It’s that time of year again–i.e., the time of year when I spend way too much time searching for games that will put me in a Halloween mood.

Thankfully, a good number of such games were released for the PC Engine during its heyday. Here are the ones I’ll be playing (or be thinking of playing, at least) in the run-up to this year’s All Hallows’ Eve:

Cotton (Hudson Soft/Success, 1993)–There are two main reasons this cute shmup would earn a regular spot in my PC Engine Super CD-ROM2 system over the next few weeks if I still owned a copy of it: 1) It stars a broom-riding witch who has to fly through all sorts of dark and dreary environs in order to collect a bunch of missing gems, and 2) Said witch is obsessed with candy. Really, it’s the perfect game for such a spooky-and-sweet season.
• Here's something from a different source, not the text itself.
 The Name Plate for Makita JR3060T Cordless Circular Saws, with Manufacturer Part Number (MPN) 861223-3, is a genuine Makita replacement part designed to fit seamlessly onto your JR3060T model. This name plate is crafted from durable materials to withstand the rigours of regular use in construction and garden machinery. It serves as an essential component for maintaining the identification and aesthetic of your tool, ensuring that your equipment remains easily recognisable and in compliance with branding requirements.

Dracula X: Chi no Rondo (Konami, 1993)–I couldn’t very well create a list like this and not include on it a game that not only features Dracula’s name in its title but also features said vampire as its main villain, could I? I’d mention Dracula X here even if it didn’t involve that old bloodsucker, though–thanks in no small part to its Thriller-meets-Sleepy Hollow opening slavo.
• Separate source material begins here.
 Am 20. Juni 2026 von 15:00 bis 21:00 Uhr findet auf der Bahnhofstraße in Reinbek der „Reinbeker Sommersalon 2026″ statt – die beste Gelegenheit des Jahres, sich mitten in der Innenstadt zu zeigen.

Jigoku Meguri (Taito, 1990)–True story: I used to rather dislike this pixelated platformer, which follows a portly monk as he makes a perilous trek through hell. I changed my tune after giving it another try a month or so ago (expect to see a post about this epiphanic experience soon), though, and now consider it to be an appreciably dour counterpoint to a similar-yet-much-more-cheerful Taito-developed title: Mizubaku Daibouken.

Splatterhouse (Namcot, 1990)–The protagonist of this bloody beat ’em up looks like Friday the 13th‘s Jason Voorhees. That alone makes me want to play it this time of year. The game’s grotesque baddies–like the chainsaw-weidling dude showcased in the screenshot above–and creepy soundtrack are just the blood-spattered icing on this ghoulishly rotten (in a good way) cake.

I’d add NEC Avenue’s Horror Story and Human’s Laplace no Ma, a supposedly terror-ific dungeon crawler, to this list, but I’ve never played the former (important if I’m to know whether or not it’ll put me in a Halloween mood) and I don’t understand the language (Japanese) that’s likely required to make it through the latter.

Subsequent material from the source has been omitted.